» **Record excerpts**:
# # # # #

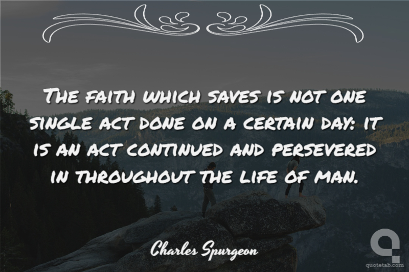The faith which saves is not one single act done on a certain day: it is an act continued and persevered in throughout the life of man.
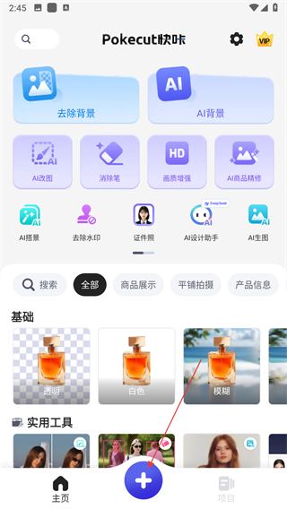 1、打開Pokecut快咔應(yīng)用,進入主界面,點擊底部中間的藍色+號按鈕,準(zhǔn)備選擇要編輯的圖片。
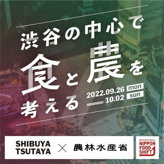 SHIBUYA TSUTAYA(所在地:渋谷区宇田川町21-6 QFRONT)は、9月26日(月)から10月2日(日)まで、“渋谷の中心で食と農を考える” イベント「SHIBUYA TSUTAYAからニッポンフードシフト」を開催いたします。
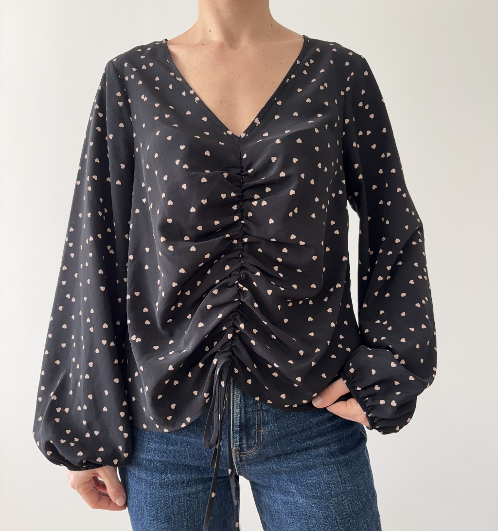George fekete szívecskés, zsinóros felső.
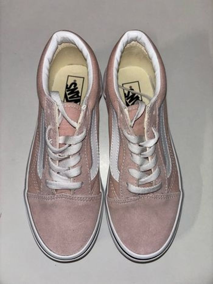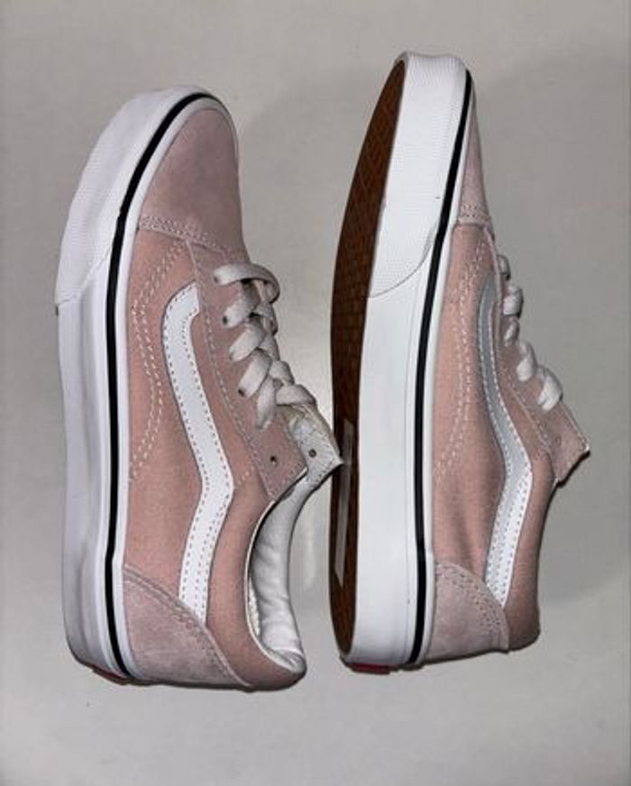 Jolie paire de baskets de marque Vans , modèle Old Skool couleur rose pâle pour enfant. Taille 34. Fermeture par lacets. Cuir/textile. NEUVES VENDUES DANS LEUR BOÎTE D’ORIGINE.
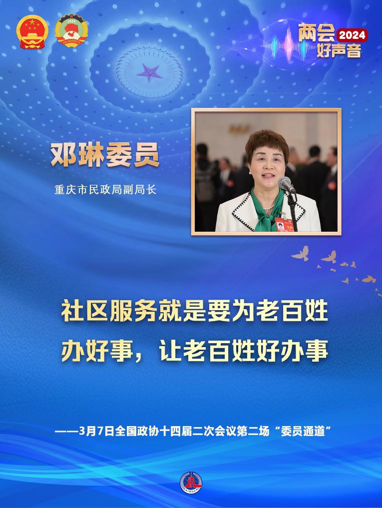 “家門口”的服務(wù)直接關(guān)乎老百姓的獲得感、幸福感。“社區(qū)服務(wù)就是要為老百姓辦好事,讓老百姓好辦事?!敝貞c市民政局副局長(zhǎng)鄧琳委員說(shuō),現(xiàn)在重慶的社區(qū)基本都有了黨群服務(wù)中心,還著力打造一刻鐘便民生活圈,針對(duì)老人、兒童、特殊困難群體等提供相關(guān)服務(wù)。在她看來(lái),社區(qū)服務(wù)供給需要多方協(xié)同發(fā)力,相信未來(lái)會(huì)有更多可觸可感的為民便民安民服務(wù)送到百姓家門口。
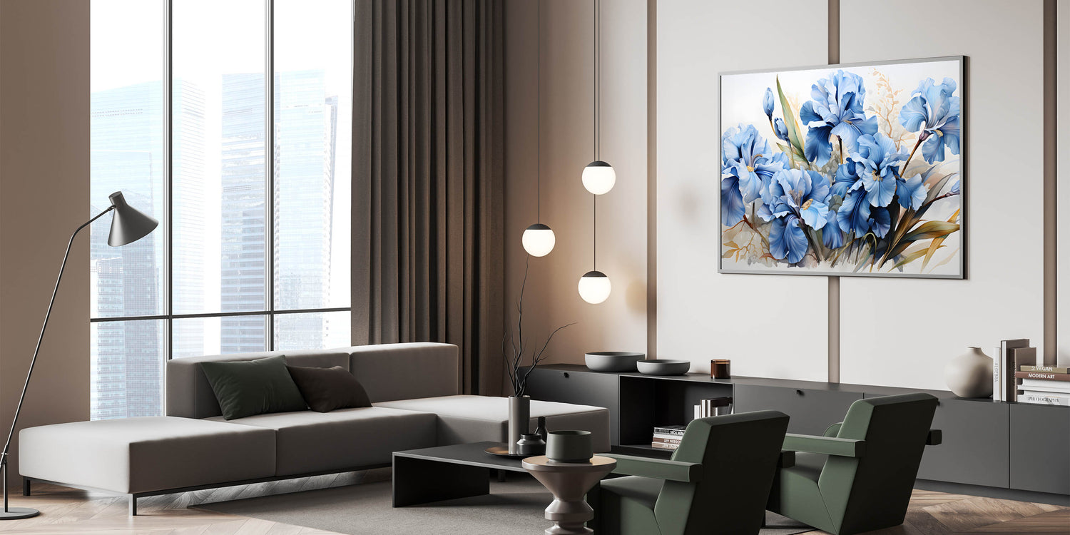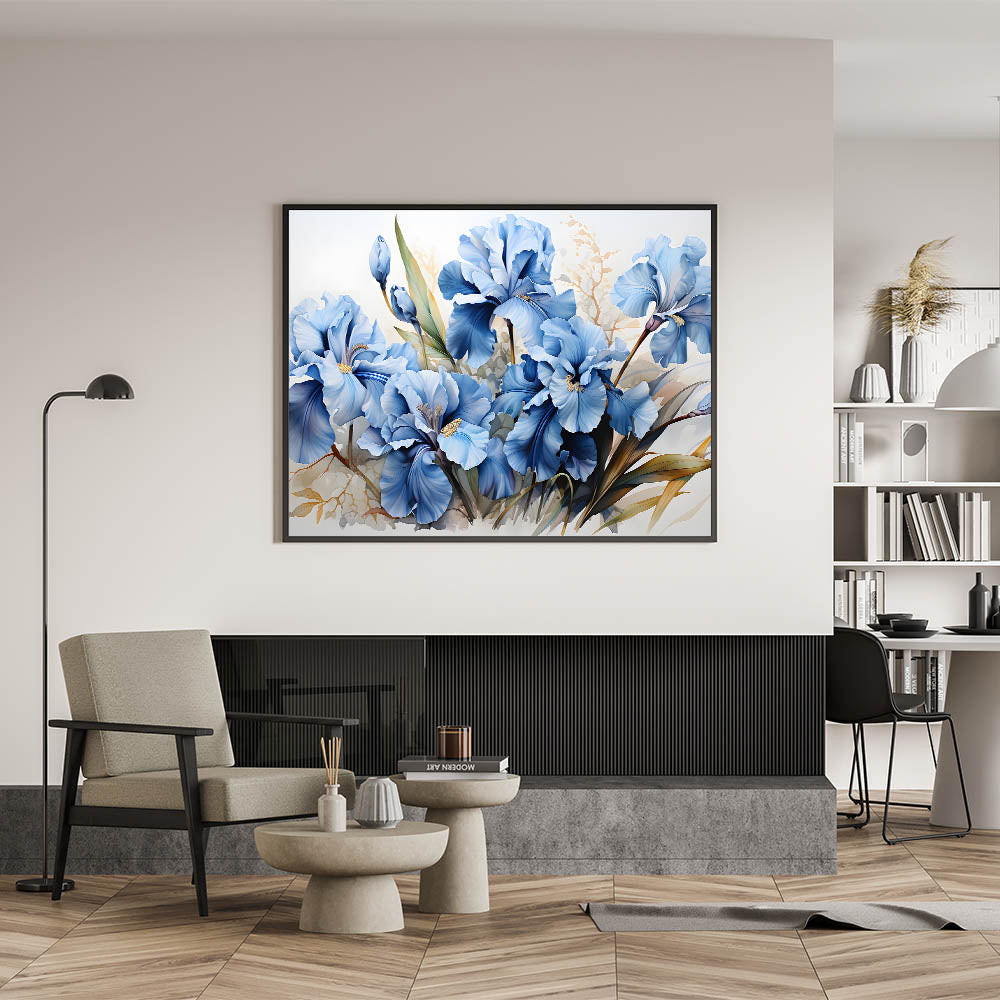 Blue Iris Flower Wall Art - Botanical Canvas Print for Home Decor
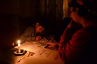 kalmak istemeyen kardeşler ise mum alevinin gölgesinde ödevlerini yapıyor. Gözü
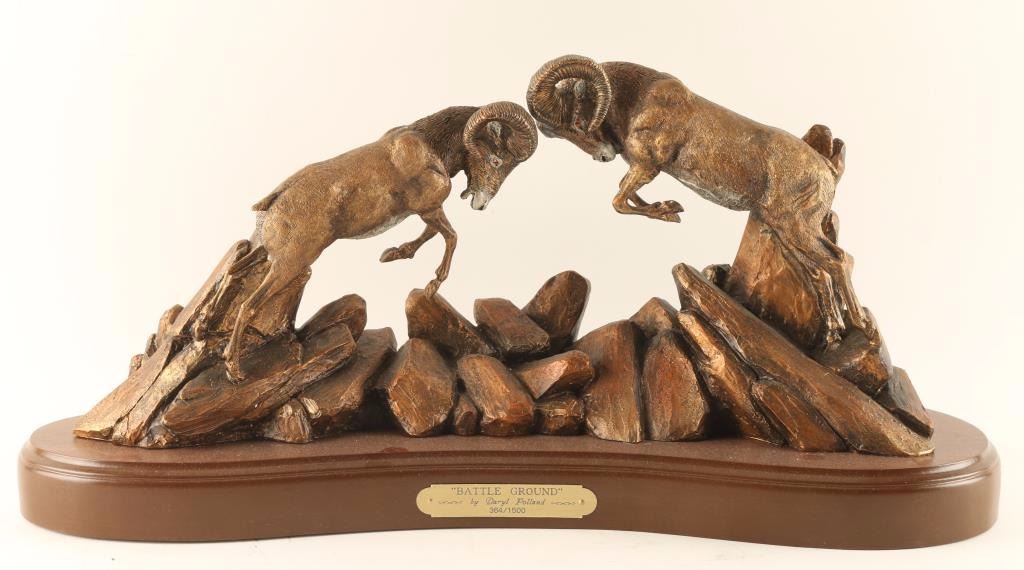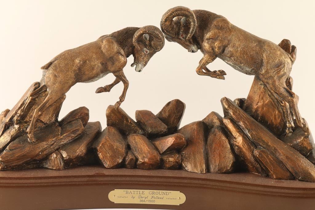 "Battle Ground" by Daryl Polland 364/1500. Depicting two bighorn sheep in battle. Wood base with brass title plate. Measures 21"l x 10 1/2"h x 6 1/2"w. Multicolored patina on resin.
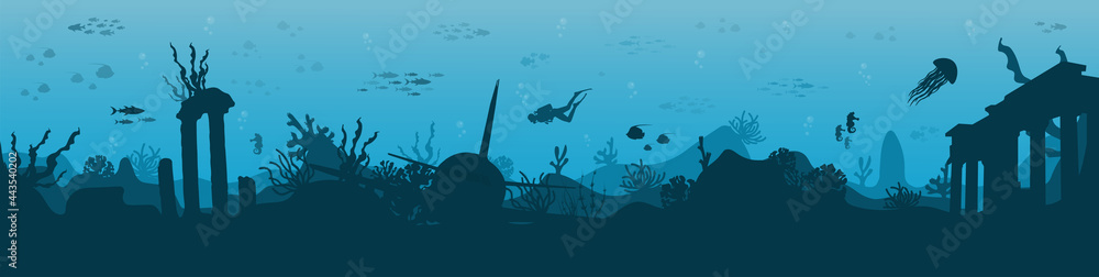 Valokuva Silhouette of coral reef with fish and scuba diver on a blue sea background
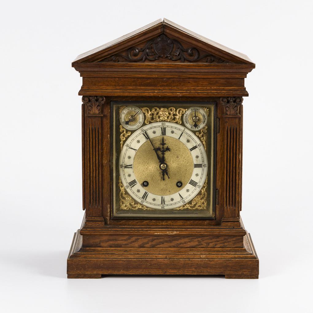 Stutzuhr mit Dreiecksgiebel und historistischem Dekor. Winterhalder & Hofmeier.
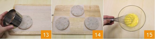 Remove the cutter 13 and cut the parchment paper around the burgers, making it easier to lift them without risking breaking them 14. Now move on to the breading: beat the eggs with salt and pepper 15.
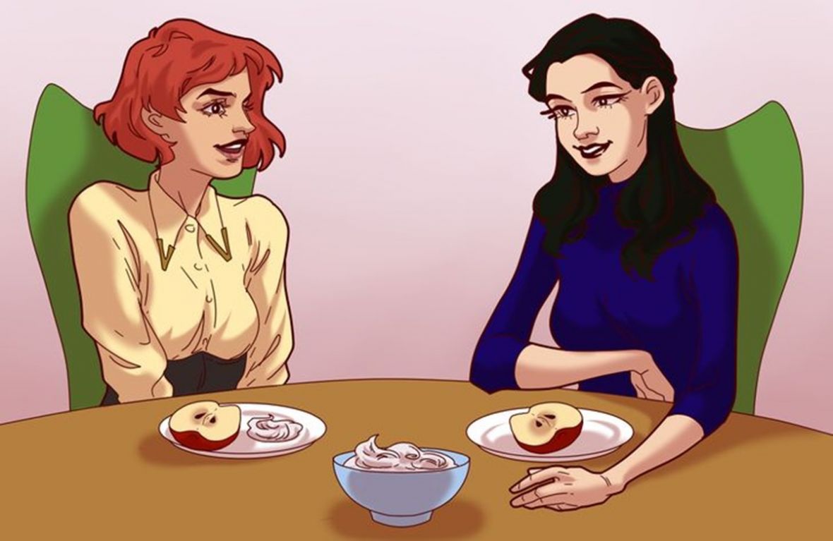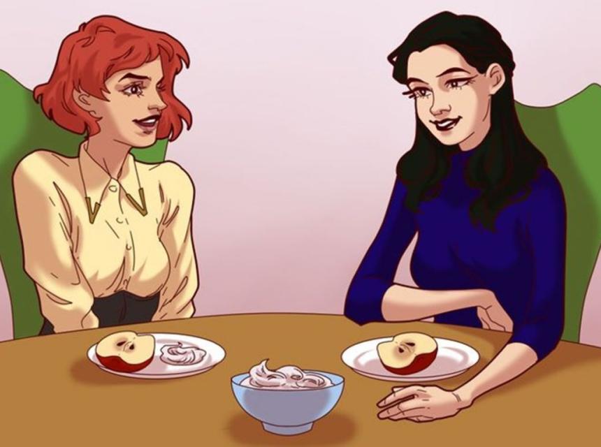 Žena je pozvala jednu prijateljicu kući na večeru. Za večeru je spremila govedinu sa prilogom pire krompirom. Zatim je za desert jabuku prepolovila i ponudila svojoj prijateljici polovinu sa malo šlaga sa strane, a ostatak šlaga je stavila u zasebnu posudu. Zatim je pojela svoj komad iste jabuke.
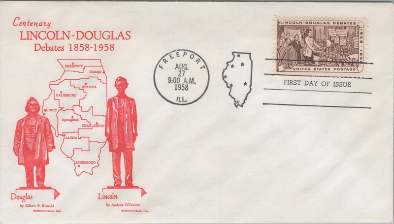 | | First Cachets | | 819 | 1115 | 8/27/1958 | Abraham Lincoln, Lincoln-Douglas Debates; Western Cachet; M27; red-orange | $15.00 |
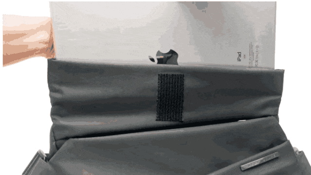 主仓的磁吸开关是翻盖设计,而且可以折叠,空间内最大可以存放12寸的iPad Pro,然后用背部的魔术贴进行固定。
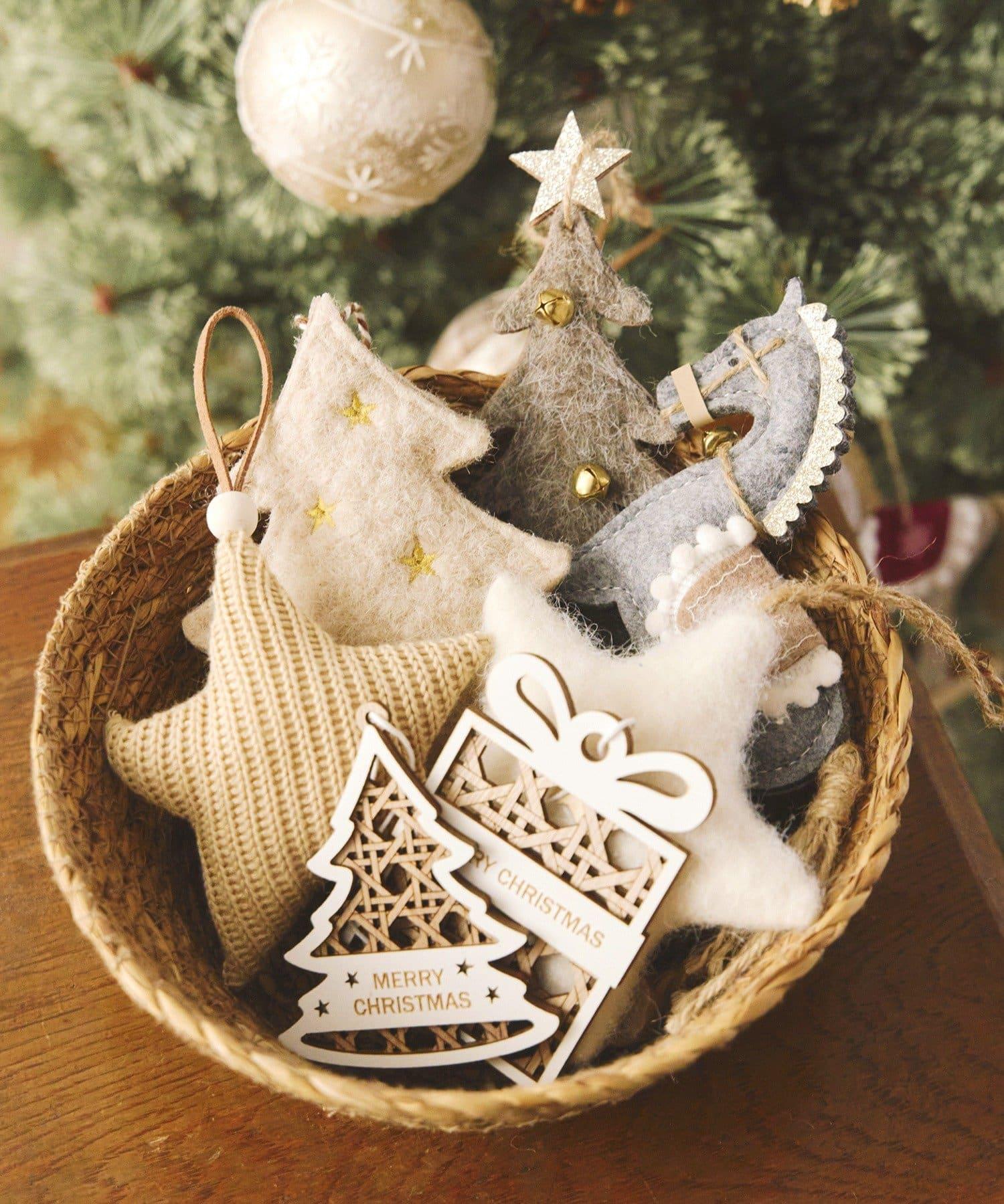 ウッドカゴ編みベルオーナメント/ナチュラルクリスマス
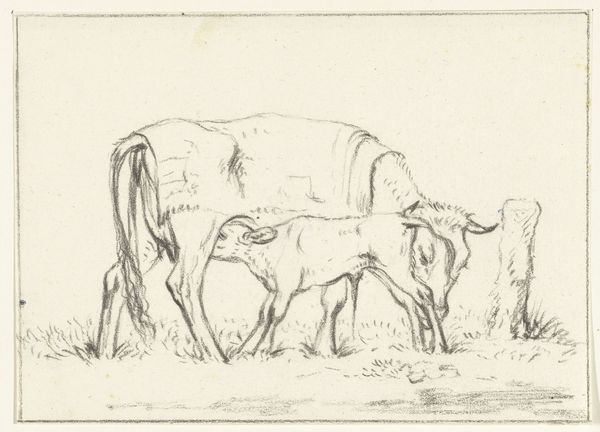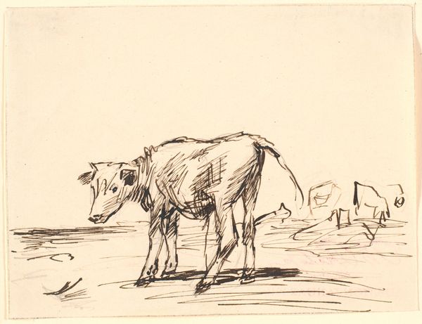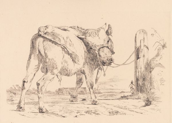 Johan Thomas Lundbye created this etching, “A bull calf tied to a post,” during the Danish Golden Age. The composition is dominated by the calf, its hefty form rendered with fine, energetic lines. Lundbye's technique here isn’t just representational; it's expressive. The dense crosshatching brings a tactile weight to the calf's body, contrasting with the smoother, more open treatment of the landscape. The calf appears monumental, yet its tether and the surrounding pastoral elements evoke a sense of rural tranquility. The composition uses a semiotic language that speaks to themes of nature, domestication, and the picturesque ideal. Consider how Lundbye’s formal choices—the scale of the calf, the use of line to create texture, and the balance between detail and open space—invite viewers to contemplate the relationship between humans and the natural world. It presents not just a scene, but a carefully constructed statement about our place within it.

# # # # #

» **What you have to do**:
Only the lines from the start of the records through the line containing "kalmak istemeyen kardeşler" should be repeated, word for word, with the pictures left out.

» **Result of the exercise**:
The faith which saves is not one single act done on a certain day: it is an act continued and persevered in throughout the life of man.
 1、打開Pokecut快咔應(yīng)用,進入主界面,點擊底部中間的藍色+號按鈕,準(zhǔn)備選擇要編輯的圖片。
 SHIBUYA TSUTAYA(所在地:渋谷区宇田川町21-6 QFRONT)は、9月26日(月)から10月2日(日)まで、“渋谷の中心で食と農を考える” イベント「SHIBUYA TSUTAYAからニッポンフードシフト」を開催いたします。
George fekete szívecskés, zsinóros felső.
 Jolie paire de baskets de marque Vans , modèle Old Skool couleur rose pâle pour enfant. Taille 34. Fermeture par lacets. Cuir/textile. NEUVES VENDUES DANS LEUR BOÎTE D’ORIGINE.
 “家門口”的服務(wù)直接關(guān)乎老百姓的獲得感、幸福感。“社區(qū)服務(wù)就是要為老百姓辦好事,讓老百姓好辦事?!敝貞c市民政局副局長(zhǎng)鄧琳委員說(shuō),現(xiàn)在重慶的社區(qū)基本都有了黨群服務(wù)中心,還著力打造一刻鐘便民生活圈,針對(duì)老人、兒童、特殊困難群體等提供相關(guān)服務(wù)。在她看來(lái),社區(qū)服務(wù)供給需要多方協(xié)同發(fā)力,相信未來(lái)會(huì)有更多可觸可感的為民便民安民服務(wù)送到百姓家門口。
 Blue Iris Flower Wall Art - Botanical Canvas Print for Home Decor
 kalmak istemeyen kardeşler ise mum alevinin gölgesinde ödevlerini yapıyor. Gözü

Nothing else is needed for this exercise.